Objective: Automate performance analysis across multiple dimensions, surface actionable insights, and reduce dependency on manual reporting while maintaining strict cost and latency constraints.
Key Constraints
- Cost-sensitive LLM usage: frequent (weekly) report generation at enterprise scale
- End-to-end response time under 100ms for interactive use
- Large structured datasets requiring hierarchical and cross-dimensional analysis
- Weekly data refresh cadence with consistent historical comparisons
2. Why LLM-Based Approach?
A rule-based system was evaluated first.

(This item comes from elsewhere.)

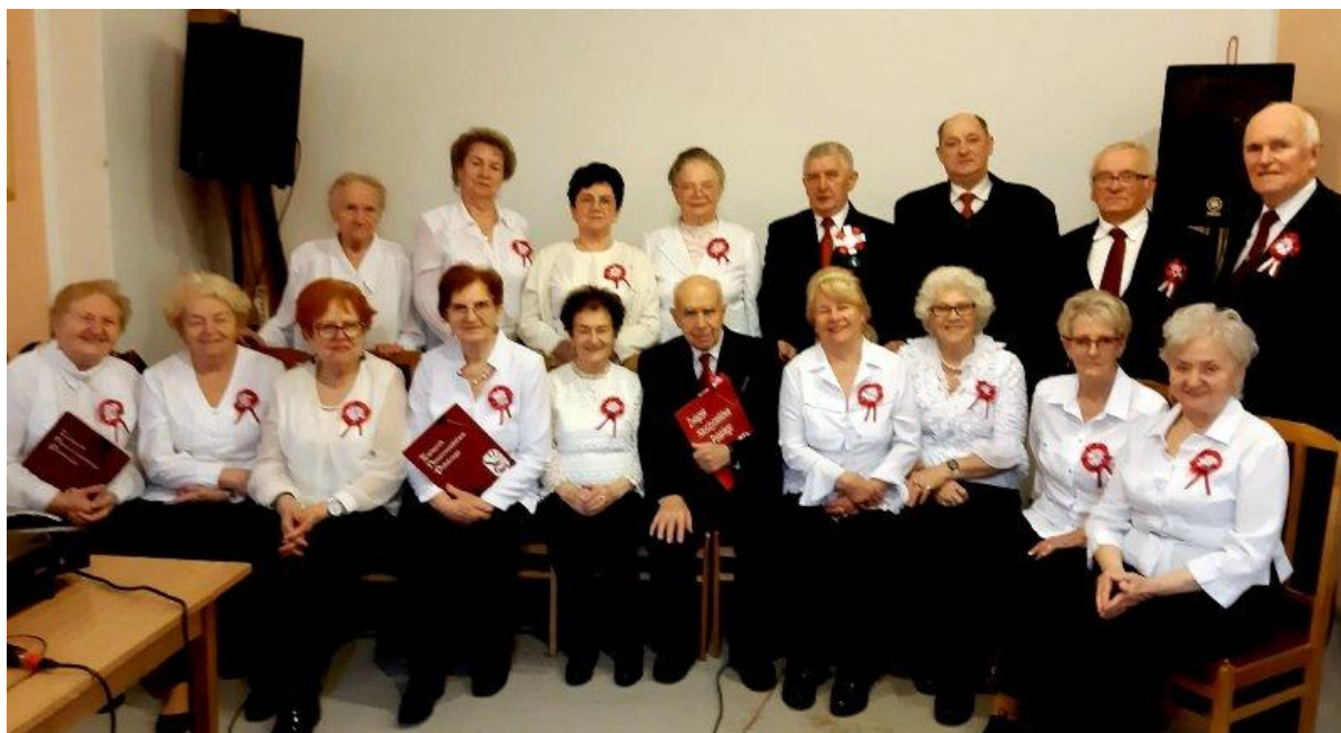
Aktualny skład Kaganka 2023 r.

This proved unsuitable:
- The number of rules grew rapidly with dimensions, categories, and business contexts - hard to maintain and scale
- Rule definitions were subjective and varied across teams, introducing inconsistency into performance assessments
- Rules required frequent manual updates with no learning or optimisation over time
- An existing Tableau dashboard already showed all metrics - the problem was synthesising relationships across dimensions at decision speed
An LLM-based evaluation layer was chosen to:
- Aggregate and reason over large, structured performance datasets across hierarchical dimensions
- Reduce manual interpretation effort while maintaining explainability
- Provide consistent summaries and insights across categories and regions
- Scale across categories without per-category rule customisation
3. Data Landscape
The primary data source resided on an internal Big Data Platform (BDP) exposing TB-scale transactional datasets. Query latency was variable due to resource contention across multiple teams.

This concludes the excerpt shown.